[Items from a data source]
★ ★ ★ ★

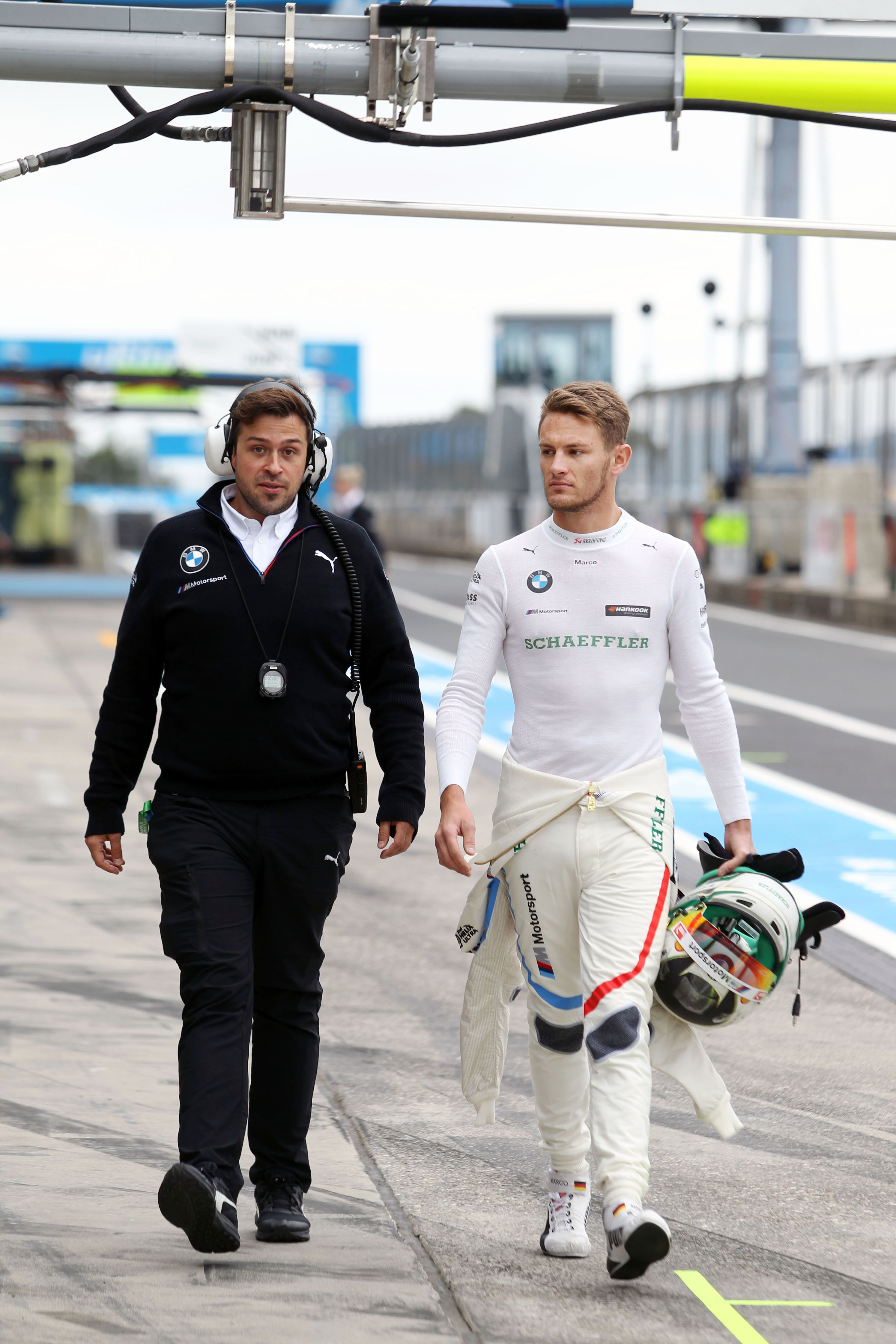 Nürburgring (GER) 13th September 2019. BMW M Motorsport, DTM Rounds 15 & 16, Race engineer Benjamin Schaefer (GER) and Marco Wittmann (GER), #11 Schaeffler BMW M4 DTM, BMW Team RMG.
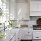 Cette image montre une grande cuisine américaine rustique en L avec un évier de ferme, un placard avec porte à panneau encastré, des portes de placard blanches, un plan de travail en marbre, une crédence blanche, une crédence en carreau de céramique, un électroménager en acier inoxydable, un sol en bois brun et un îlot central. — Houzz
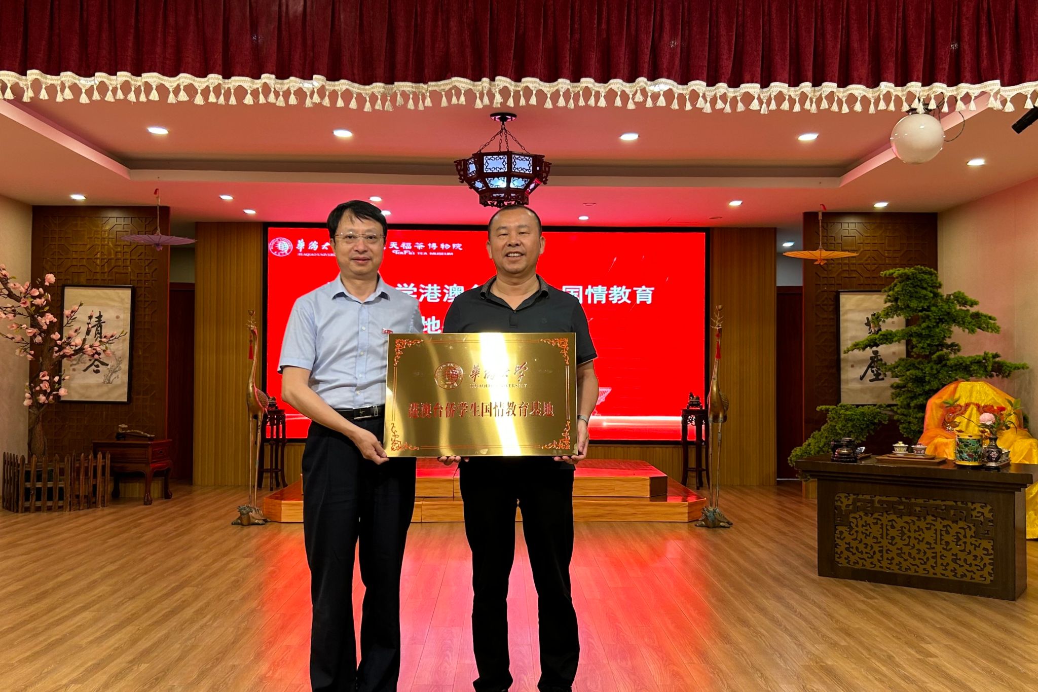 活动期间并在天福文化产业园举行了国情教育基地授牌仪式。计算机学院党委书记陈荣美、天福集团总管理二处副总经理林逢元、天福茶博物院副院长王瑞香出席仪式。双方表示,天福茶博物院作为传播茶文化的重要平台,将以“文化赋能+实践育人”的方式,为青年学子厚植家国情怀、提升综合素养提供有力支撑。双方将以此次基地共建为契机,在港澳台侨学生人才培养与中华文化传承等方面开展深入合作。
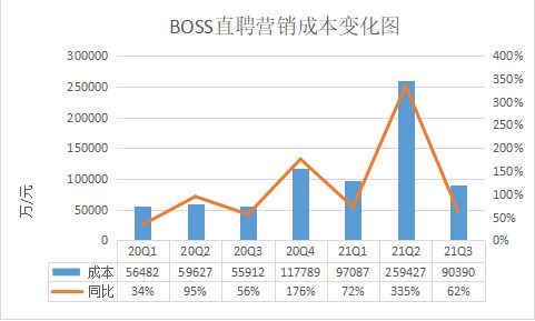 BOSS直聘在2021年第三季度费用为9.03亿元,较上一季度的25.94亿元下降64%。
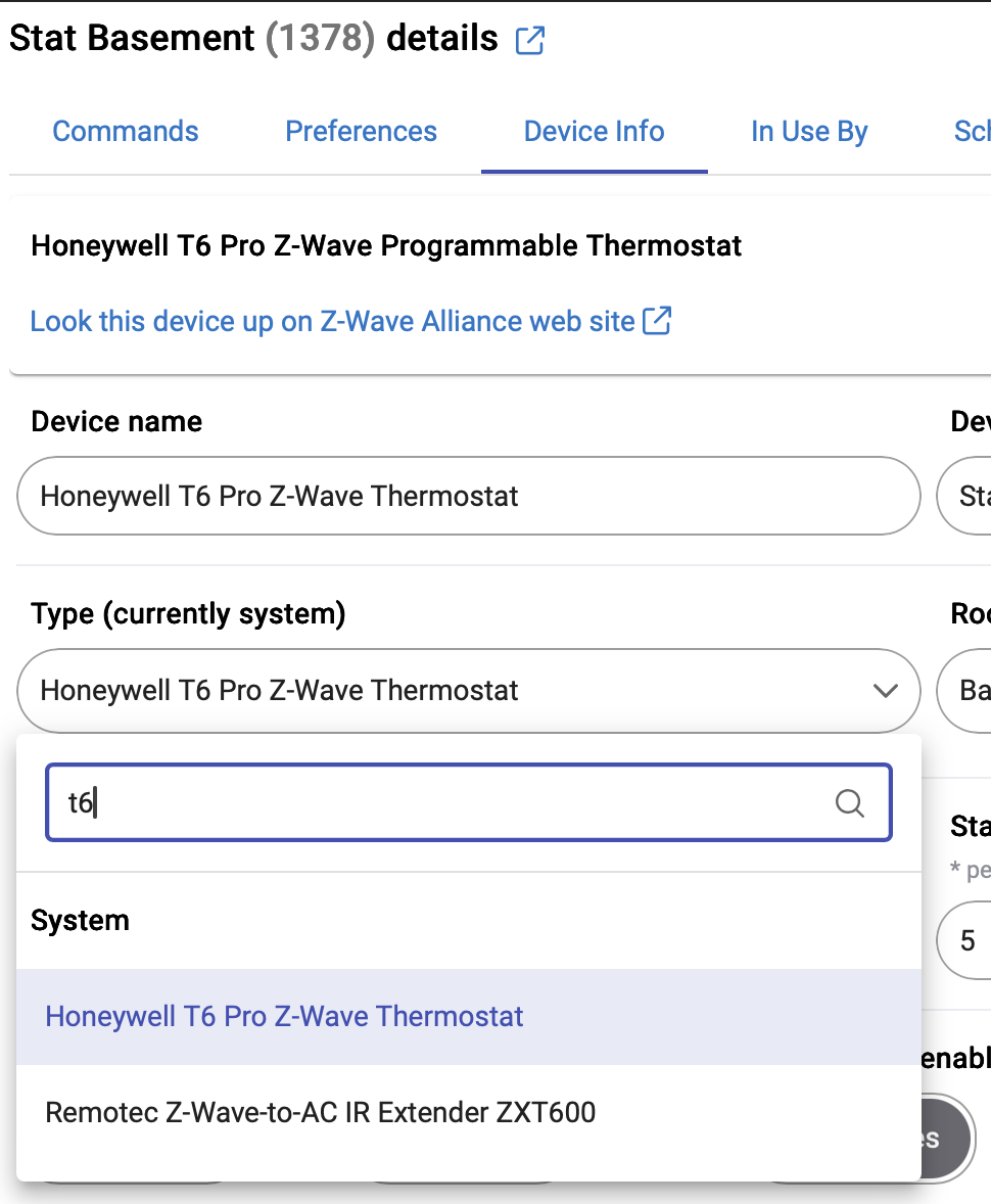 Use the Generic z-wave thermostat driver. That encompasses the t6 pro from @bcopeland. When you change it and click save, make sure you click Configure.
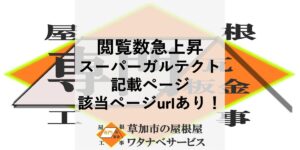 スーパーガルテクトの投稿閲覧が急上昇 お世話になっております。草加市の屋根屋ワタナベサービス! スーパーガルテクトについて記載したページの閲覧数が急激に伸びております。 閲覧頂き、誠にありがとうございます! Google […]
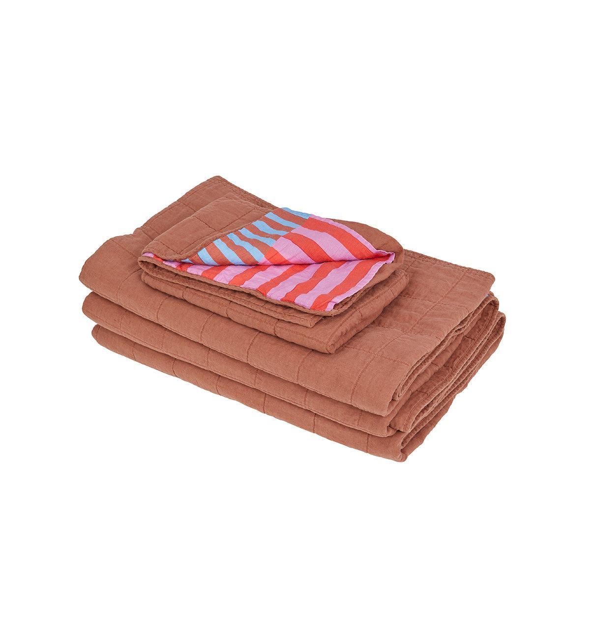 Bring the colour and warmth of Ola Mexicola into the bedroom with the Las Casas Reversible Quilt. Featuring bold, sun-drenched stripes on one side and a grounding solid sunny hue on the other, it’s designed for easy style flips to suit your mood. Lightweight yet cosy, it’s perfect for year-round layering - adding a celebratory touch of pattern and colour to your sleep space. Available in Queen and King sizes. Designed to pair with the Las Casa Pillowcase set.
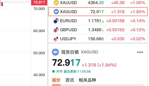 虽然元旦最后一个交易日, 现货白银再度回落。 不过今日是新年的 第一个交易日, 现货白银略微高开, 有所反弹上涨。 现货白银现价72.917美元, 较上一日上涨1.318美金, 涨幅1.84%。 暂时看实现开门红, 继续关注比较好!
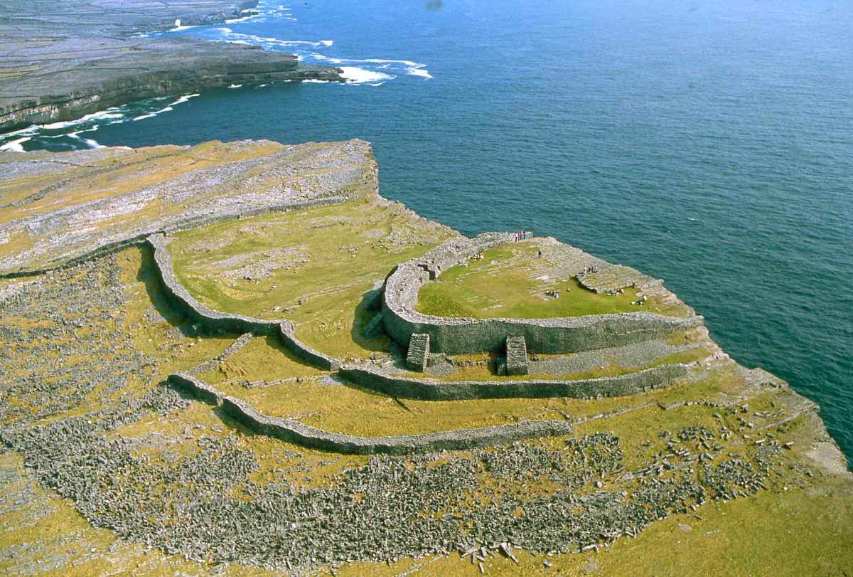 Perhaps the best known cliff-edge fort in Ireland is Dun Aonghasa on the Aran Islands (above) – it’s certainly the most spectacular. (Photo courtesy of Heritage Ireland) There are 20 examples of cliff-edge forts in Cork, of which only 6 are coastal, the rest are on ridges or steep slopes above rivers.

★ ★ ★ ★

_AIM OF THE EXERCISE_. The entries are to be written out again exactly, without their pictures.

_THE ANSWER_.
 Nürburgring (GER) 13th September 2019. BMW M Motorsport, DTM Rounds 15 & 16, Race engineer Benjamin Schaefer (GER) and Marco Wittmann (GER), #11 Schaeffler BMW M4 DTM, BMW Team RMG.
 Cette image montre une grande cuisine américaine rustique en L avec un évier de ferme, un placard avec porte à panneau encastré, des portes de placard blanches, un plan de travail en marbre, une crédence blanche, une crédence en carreau de céramique, un électroménager en acier inoxydable, un sol en bois brun et un îlot central. — Houzz
 活动期间并在天福文化产业园举行了国情教育基地授牌仪式。计算机学院党委书记陈荣美、天福集团总管理二处副总经理林逢元、天福茶博物院副院长王瑞香出席仪式。双方表示,天福茶博物院作为传播茶文化的重要平台,将以“文化赋能+实践育人”的方式,为青年学子厚植家国情怀、提升综合素养提供有力支撑。双方将以此次基地共建为契机,在港澳台侨学生人才培养与中华文化传承等方面开展深入合作。
 BOSS直聘在2021年第三季度费用为9.03亿元,较上一季度的25.94亿元下降64%。
 Use the Generic z-wave thermostat driver. That encompasses the t6 pro from @bcopeland. When you change it and click save, make sure you click Configure.
 スーパーガルテクトの投稿閲覧が急上昇 お世話になっております。草加市の屋根屋ワタナベサービス! スーパーガルテクトについて記載したページの閲覧数が急激に伸びております。 閲覧頂き、誠にありがとうございます! Google […]
 Bring the colour and warmth of Ola Mexicola into the bedroom with the Las Casas Reversible Quilt. Featuring bold, sun-drenched stripes on one side and a grounding solid sunny hue on the other, it’s designed for easy style flips to suit your mood. Lightweight yet cosy, it’s perfect for year-round layering - adding a celebratory touch of pattern and colour to your sleep space. Available in Queen and King sizes. Designed to pair with the Las Casa Pillowcase set.
 虽然元旦最后一个交易日, 现货白银再度回落。 不过今日是新年的 第一个交易日, 现货白银略微高开, 有所反弹上涨。 现货白银现价72.917美元, 较上一日上涨1.318美金, 涨幅1.84%。 暂时看实现开门红, 继续关注比较好!
 Perhaps the best known cliff-edge fort in Ireland is Dun Aonghasa on the Aran Islands (above) – it’s certainly the most spectacular. (Photo courtesy of Heritage Ireland) There are 20 examples of cliff-edge forts in Cork, of which only 6 are coastal, the rest are on ridges or steep slopes above rivers.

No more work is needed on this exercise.